[Source data]

● ● ● ●

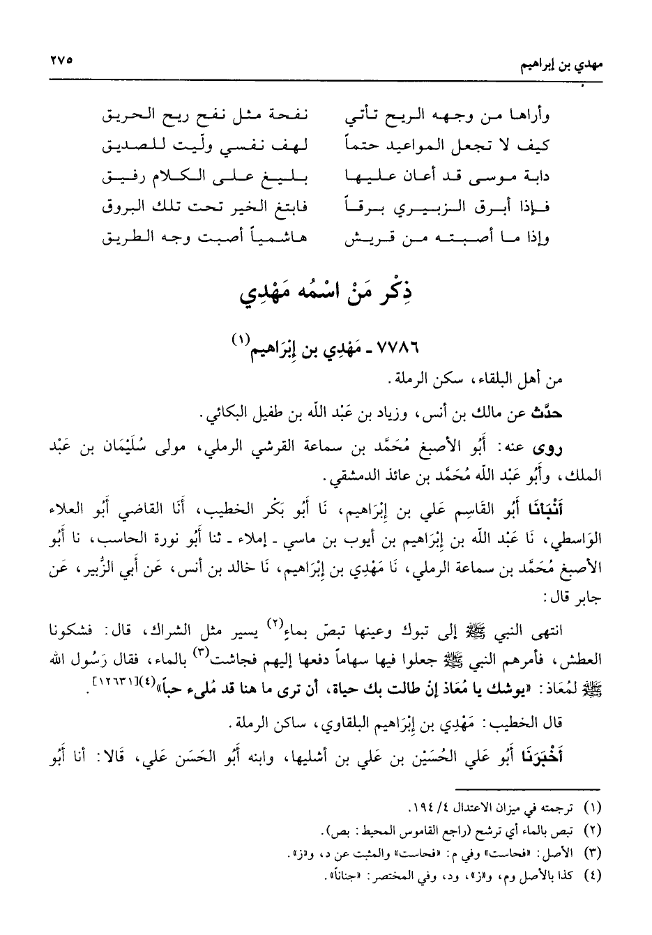 7786 - مهدي بن إبراهيم (1) من أهل البلقاء سكن الرملة حدث عن مالك بن أنس وزياد بن عبد الله بن طفيل البكائي روى عنه أبو الأصبغ محمد بن سماعة القرشي الرملي مولى سليمان بن عبد الملك وأبو عبد الله محمد بن عائذ الدمشقي أنبأنا أبو القاسم علي بن إبراهيم نا أبو بكر الخطيب أنا القاضي أبو العلاء الواسطي نا عبد الله بن إبراهيم بن أيوب بن ماسي إملاء ثنا أبو نورة الحاسب نا أبو الأصبغ محمد بن سماعة الرملي نا مهدي بن إبراهيم نا خالد بن أنس عن أبي الزبير عن جابر قال انتهى النبي (صلى الله عليه وسلم) إلى تبوك وعينها تبص بماء (2) يسير مثل الشراك قال فشكونا العطش فأمرهم النبي (صلى الله عليه وسلم) جعلوا فيها سهاما دفعها إليهم فجاشت (3) بالماء فقال رسول الله (صلى الله عليه وسلم) لمعاذ يوشك يا معاذ إن طالت بك حياة أن ترى ما هنا قد ملى حبا (4) قال الخطيب مهدي بن إبراهيم البلقاوي ساكن الرملة أخبرنا أبو علي الحسين بن علي بن أشليها وابنه أبو الحسن علي قالا أنا أبو
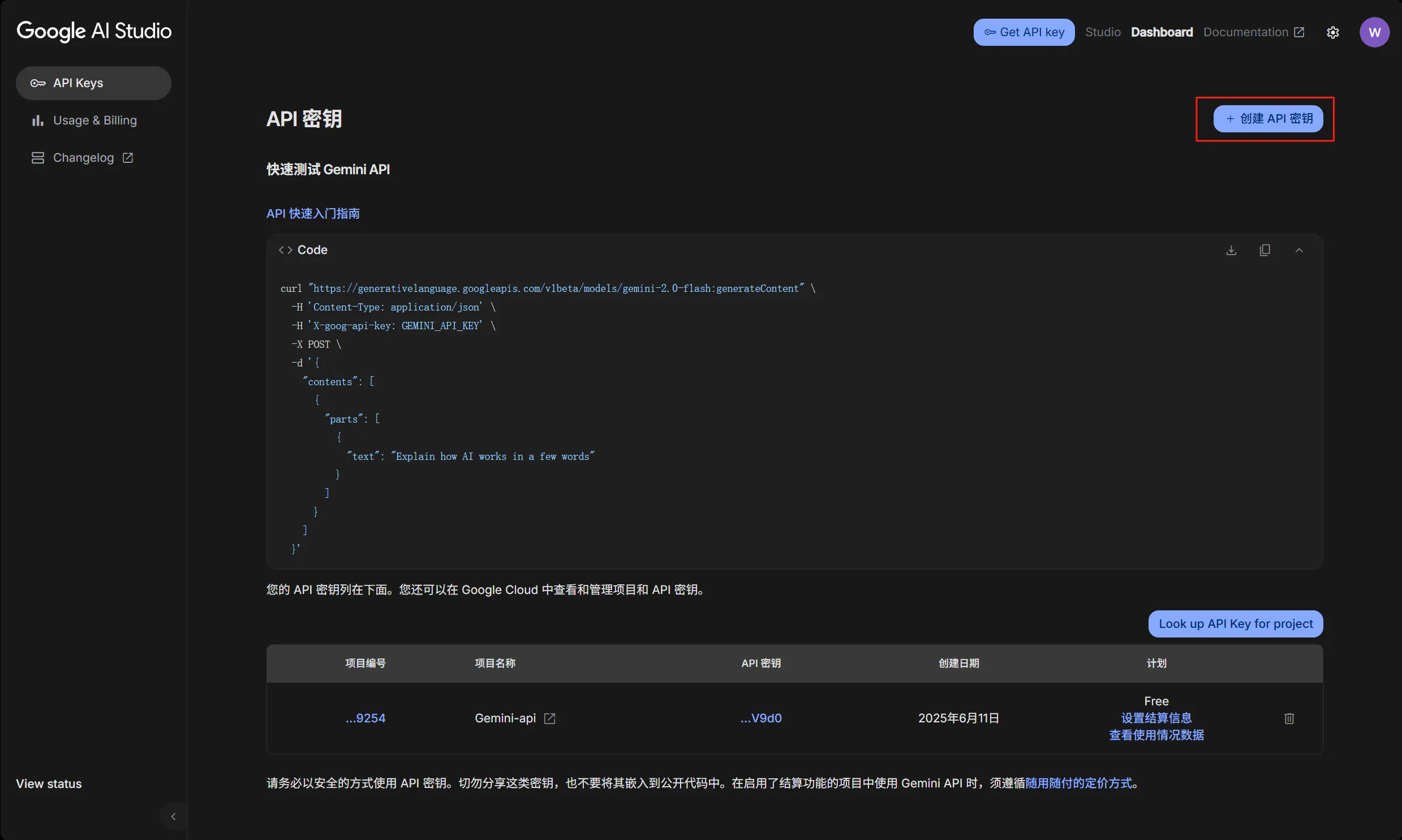 下面我们要获取API密钥。回到网站https://aistudio.google.com,点击右上角的Get API key,点击创建API密钥,随便选个项目点击创建,然后复制API密钥并保存好。
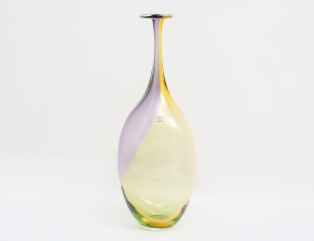 polykromt tonad glasmassa, signerad och numrerad 7048840, etikettmärkt Artist's Choice Kosta Boda, höjd 45
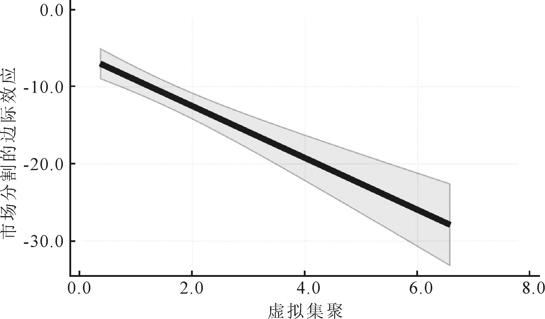 为揭示市场分割对虚拟集聚与双链融合关系的边界条件,本研究将市场分割指数作为调节变量引入模型,构建虚拟集聚与市场分割的交互项(市场分割_虚拟集聚),并基于空间杜宾模型分解直接效应与间接效应。表9列(1)(2)结果显示,市场分割与虚拟集聚交互项的直接效应系数为-1.868,间接效应系数-13.825,均呈显著负向影响,假设H5得以验证。市场分割调节效应进一步显示,当虚拟集聚明显时,市场分割边际效应负向绝对值增大,虚拟集聚驱动双链融合的正向关系被大幅削弱(见图3)。市场分割的负向调节作用主要源于其对资源空间的负向抑制效应:行政壁垒(如地方保护主义)和制度壁垒(如异地投资限制)等市场分割因素会阻碍资源在区域间自由流动,削弱虚拟集聚平台的资源整合能力,割裂产业创新网络结构,进而抑制创新链与产业链之间的协同效应[41]。可见,只有在良好的统一大市场建设下,虚拟集聚才能更好地发挥对城市产业链创新链的协调耦合作用。
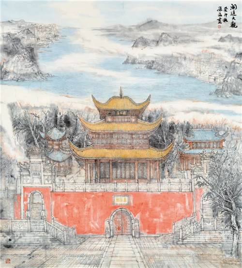朱道平 閱江樓圖 234cm×123cm 國畫
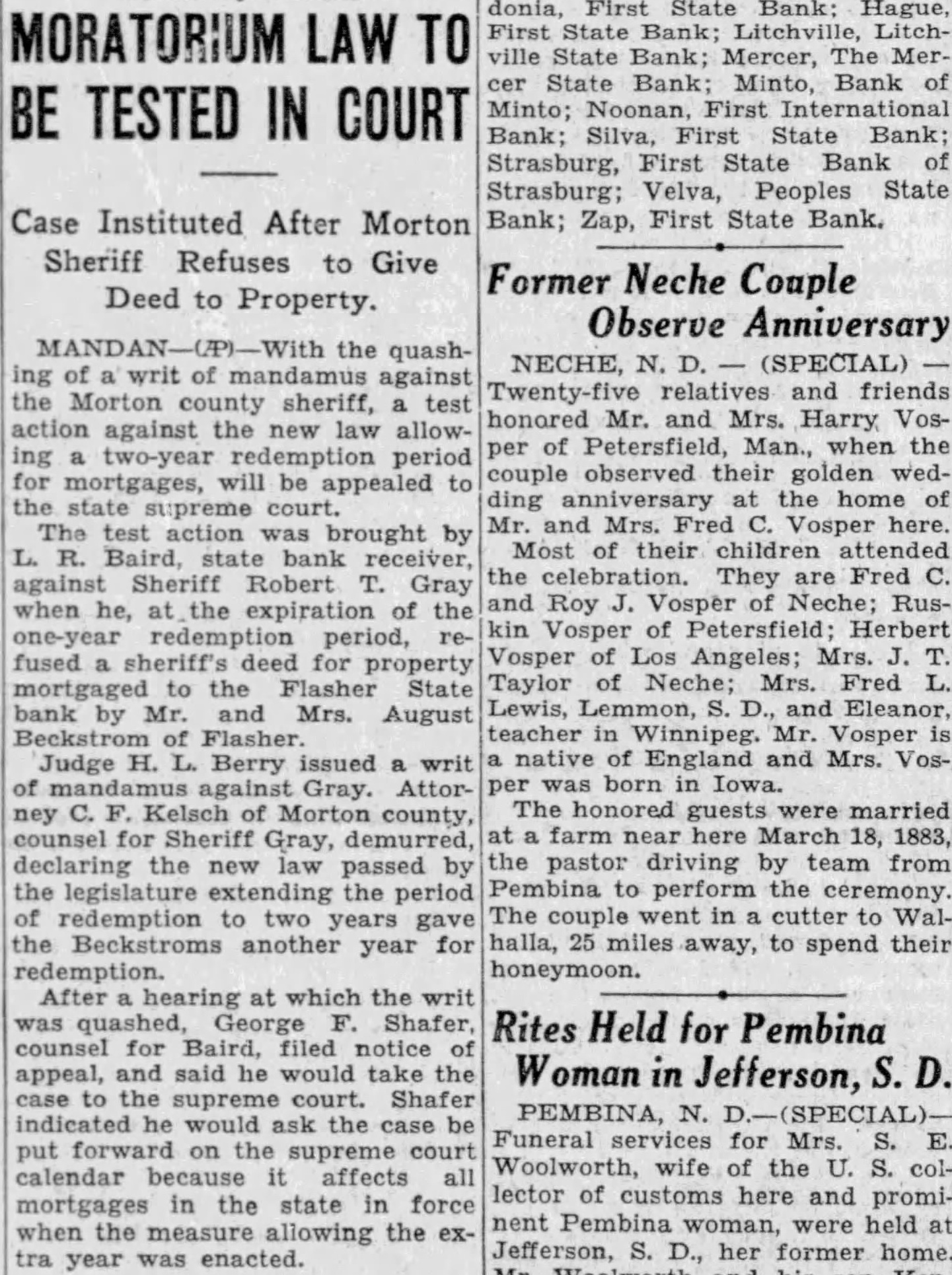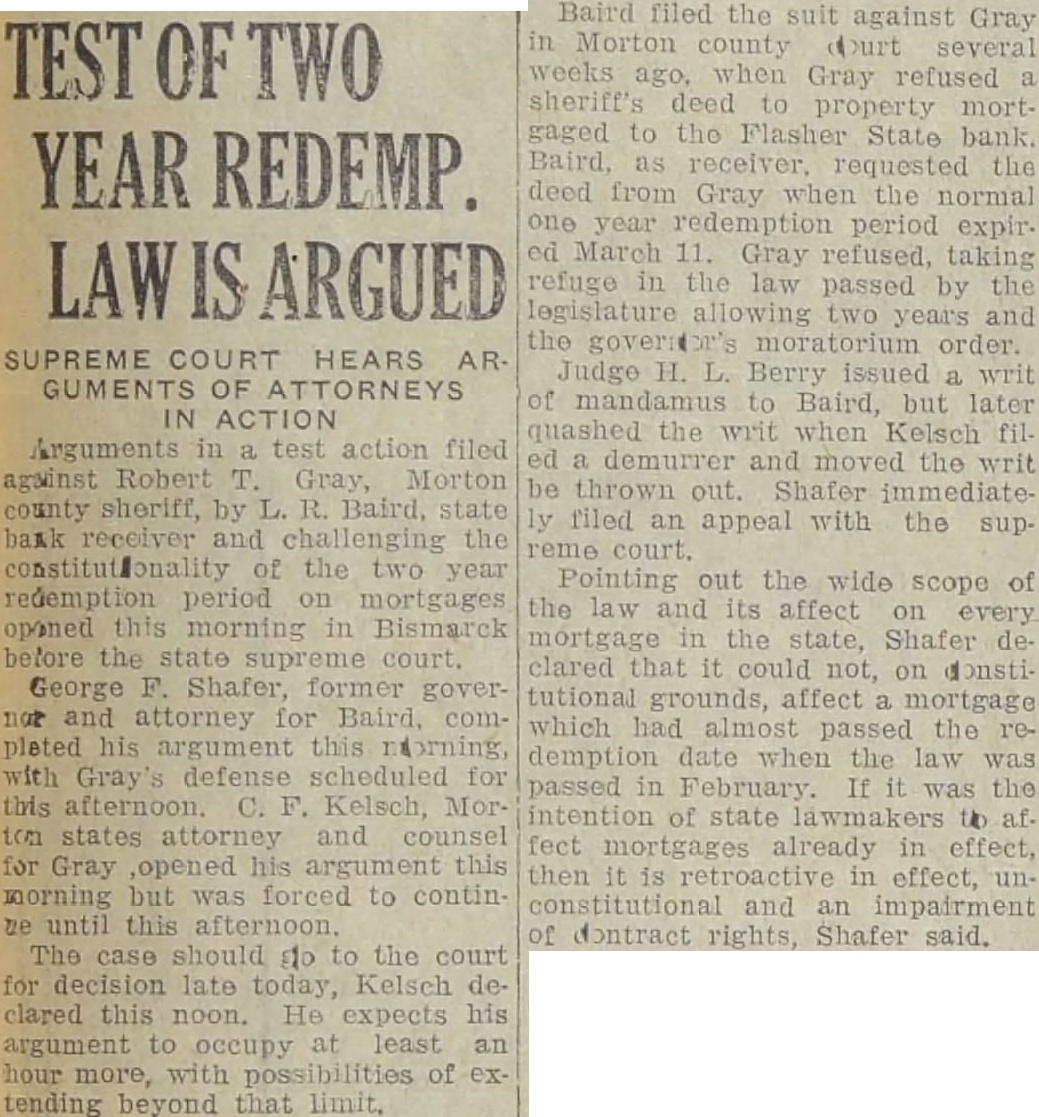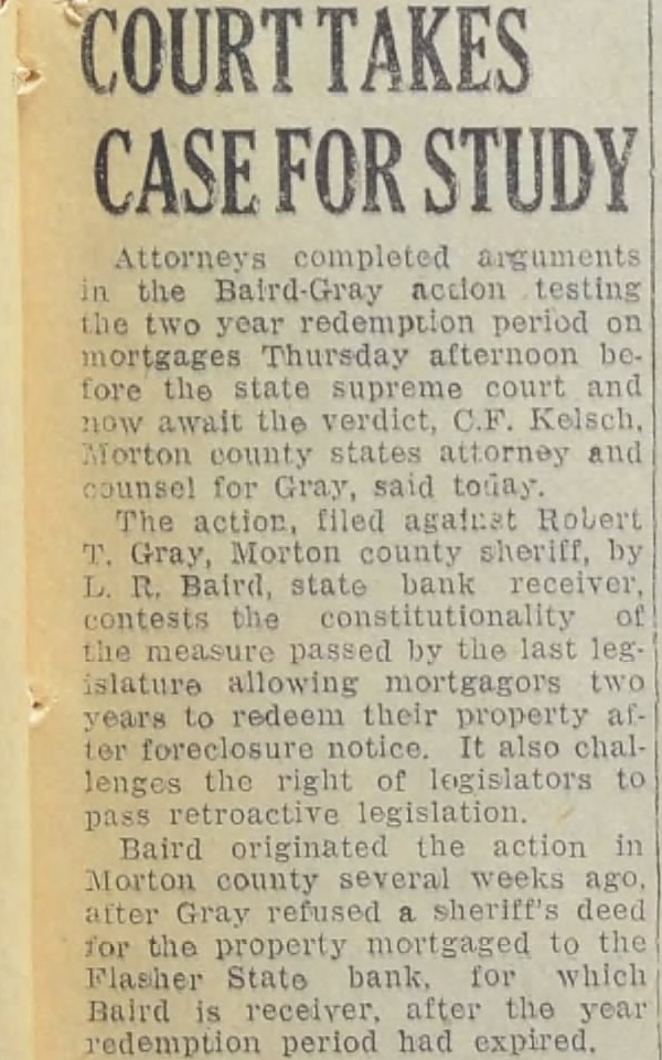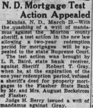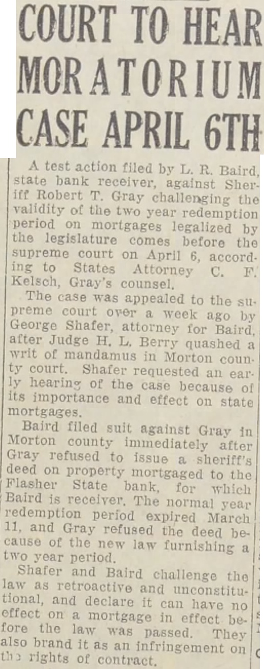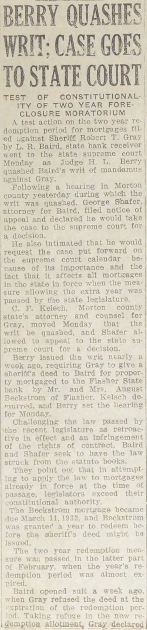 BERRY QUASHES WRIT: CASE GOES TO STATE COURT TEST OF CONSTITUTIONAL ITY OF TWO YEAR FORECLOSURE MORATORIUM test action on year demption period mortgages ed against Sheriff Robert Gray by L. R. Baird, state bank receiver went to the state supreme court Monday Judge H. Berry quashed Baird's writ of mandamus against Following hearing in Morton during which the writ was quashed. George Shafer attorney for Baird, filed notice of appeal and declared he would take the to the supreme court for decision He also intimated that he would request the case put forward the supreme court calendar cause of its importance and the fact that it affects all mortgages in the state in force when mea sure allowing the extra year was passed by the state legislature Kelsch, county state's attorney and counsel for Gray, moved Monday that the writ quashed, Shafer lowed to appeal to the state preme decision Berry issued the writ nearly week requiring Gray to give sheriff's deed to Baird for proper ty mortgaged to the Flasher State bank by Mr. and August of Flasher Kelsch de murred, and Berry set the hearing for Monday Challenging the law passed by the as retroac in effect and an of the rights contract, Baird and Shafer seek to have the law from the They point out that in attempt ing to apply the law to mortgages already force at the time of passage, exceed their constitutional The Beckstrom mortgage became due March 11, 1932. and Beckstrom granted year redeem fore the sheriff's deed might be The two year redemption was passed in the latter part February when the year's re demption period was almost ex pired. Baird opened a week ago, when Gray refused the deed at the of the Taking refuge the new demption allotment, Gray declared

● ● ● ●

> Task prompt: The answer must be the lines from the first one in the records through the line containing "朱道平 閱江樓圖 234cm×123cm 國畫", copied exactly, with no pictures.

> The completed task:
 7786 - مهدي بن إبراهيم (1) من أهل البلقاء سكن الرملة حدث عن مالك بن أنس وزياد بن عبد الله بن طفيل البكائي روى عنه أبو الأصبغ محمد بن سماعة القرشي الرملي مولى سليمان بن عبد الملك وأبو عبد الله محمد بن عائذ الدمشقي أنبأنا أبو القاسم علي بن إبراهيم نا أبو بكر الخطيب أنا القاضي أبو العلاء الواسطي نا عبد الله بن إبراهيم بن أيوب بن ماسي إملاء ثنا أبو نورة الحاسب نا أبو الأصبغ محمد بن سماعة الرملي نا مهدي بن إبراهيم نا خالد بن أنس عن أبي الزبير عن جابر قال انتهى النبي (صلى الله عليه وسلم) إلى تبوك وعينها تبص بماء (2) يسير مثل الشراك قال فشكونا العطش فأمرهم النبي (صلى الله عليه وسلم) جعلوا فيها سهاما دفعها إليهم فجاشت (3) بالماء فقال رسول الله (صلى الله عليه وسلم) لمعاذ يوشك يا معاذ إن طالت بك حياة أن ترى ما هنا قد ملى حبا (4) قال الخطيب مهدي بن إبراهيم البلقاوي ساكن الرملة أخبرنا أبو علي الحسين بن علي بن أشليها وابنه أبو الحسن علي قالا أنا أبو
 下面我们要获取API密钥。回到网站https://aistudio.google.com,点击右上角的Get API key,点击创建API密钥,随便选个项目点击创建,然后复制API密钥并保存好。
 polykromt tonad glasmassa, signerad och numrerad 7048840, etikettmärkt Artist's Choice Kosta Boda, höjd 45
 为揭示市场分割对虚拟集聚与双链融合关系的边界条件,本研究将市场分割指数作为调节变量引入模型,构建虚拟集聚与市场分割的交互项(市场分割_虚拟集聚),并基于空间杜宾模型分解直接效应与间接效应。表9列(1)(2)结果显示,市场分割与虚拟集聚交互项的直接效应系数为-1.868,间接效应系数-13.825,均呈显著负向影响,假设H5得以验证。市场分割调节效应进一步显示,当虚拟集聚明显时,市场分割边际效应负向绝对值增大,虚拟集聚驱动双链融合的正向关系被大幅削弱(见图3)。市场分割的负向调节作用主要源于其对资源空间的负向抑制效应:行政壁垒(如地方保护主义)和制度壁垒(如异地投资限制)等市场分割因素会阻碍资源在区域间自由流动,削弱虚拟集聚平台的资源整合能力,割裂产业创新网络结构,进而抑制创新链与产业链之间的协同效应[41]。可见,只有在良好的统一大市场建设下,虚拟集聚才能更好地发挥对城市产业链创新链的协调耦合作用。
朱道平 閱江樓圖 234cm×123cm 國畫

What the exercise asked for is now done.